After a funnier-than-usual cold open where the office experimented with just how little the perpetually grumpy Stanley would notice, including dressing up as each other and covering his computer monitor with a cardboard box, it’s yet another Halloween party at the office, with the whole cast in various occasionally clever costumes, this time competing in a contest to win a coupon book worth $15,000 in savings. Of course, as Oscar points out, you’d have to spend hundreds of thousands on crap you don’t need to get the full value of those coupons, but the rest of the office won’t hear it, and compete hard for the prize, even changing costumes in the middle of the day. That’s just background to the real conflict of the episode though; Michael finds out that Darryl went over his head to Gabe after Michael rejected his idea of having drivers sell paper. It turns out that corporate loved the idea, and it’s working out, but Michael’s not happy about the supposed betrayal.
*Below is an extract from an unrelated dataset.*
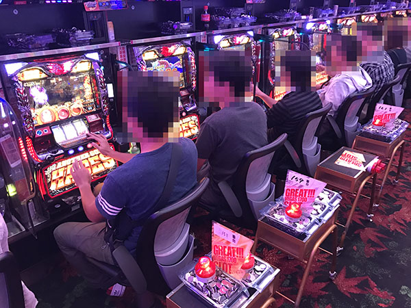 午前はパチンコ、パチスロ共に満台が続出し、定番機種をメインに大きな盛り上がりを感じられた。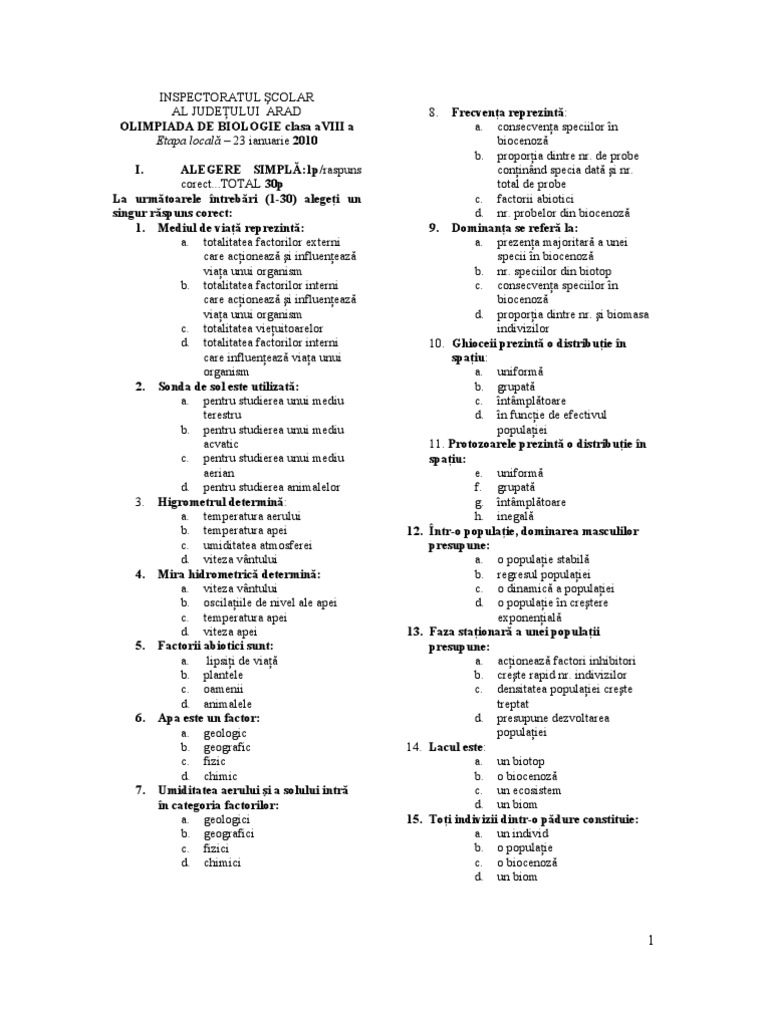 2010 Biologie Etapa Locala Subiecte Clasa A Viii A 0

This lead’s to one of the show’s more uncomfortable moments, where Michael changes out of his MacGruber costume (he’s exactly the kind of guy who wouldn’t realize that it’s a parody of another character) into a fake afro and warehouse uniform and yells at Darryl in front of the whole office. Eventually they compromise on a way to deal with this sort of problem in the future, but it was definitely a situation where the painful awkwardness of the situation outweighed the mild humor it provided, which is where the show tends to go astray. There’s also a C-plot where Jim and Pam are curious about why Olyphant’s character Danny didn’t call her back after they dated a couple times when Jim was in Stamford, and the revelation that it was because he found her kind of dorky was quite mild. We get it, they’re mildly goofy people who are perfect for each other. That didn’t really add a whole lot.
Overall I enjoyed a fair amount of the episode, but it also had a lot of the issues that sometimes bring the series down. Some of the costumes were pretty good. It was pretty funny how I was wondering who Andy was supposed to be the whole time before he had to explain it to Stanley, Bill Compton from True Blood. “How many vampires am I supposed to know about?” he asks. And moments like Michael accidentally making Kevin cry were fairly inspired. But the whole Darryl thing was the wrong kind of uncomfortable humor, and the whole office being dumb enough to care about the coupon book was another overly silly bit. Oscar winning the contest with his “rational consumer” bit wasn’t exactly a great payoff either. There’ still twenty episodes left in this season, I hope they use the time a bit better as far as finding a way to gracefully move Steve Carell out of the lead role without ruining the fun dynamic of the large cast.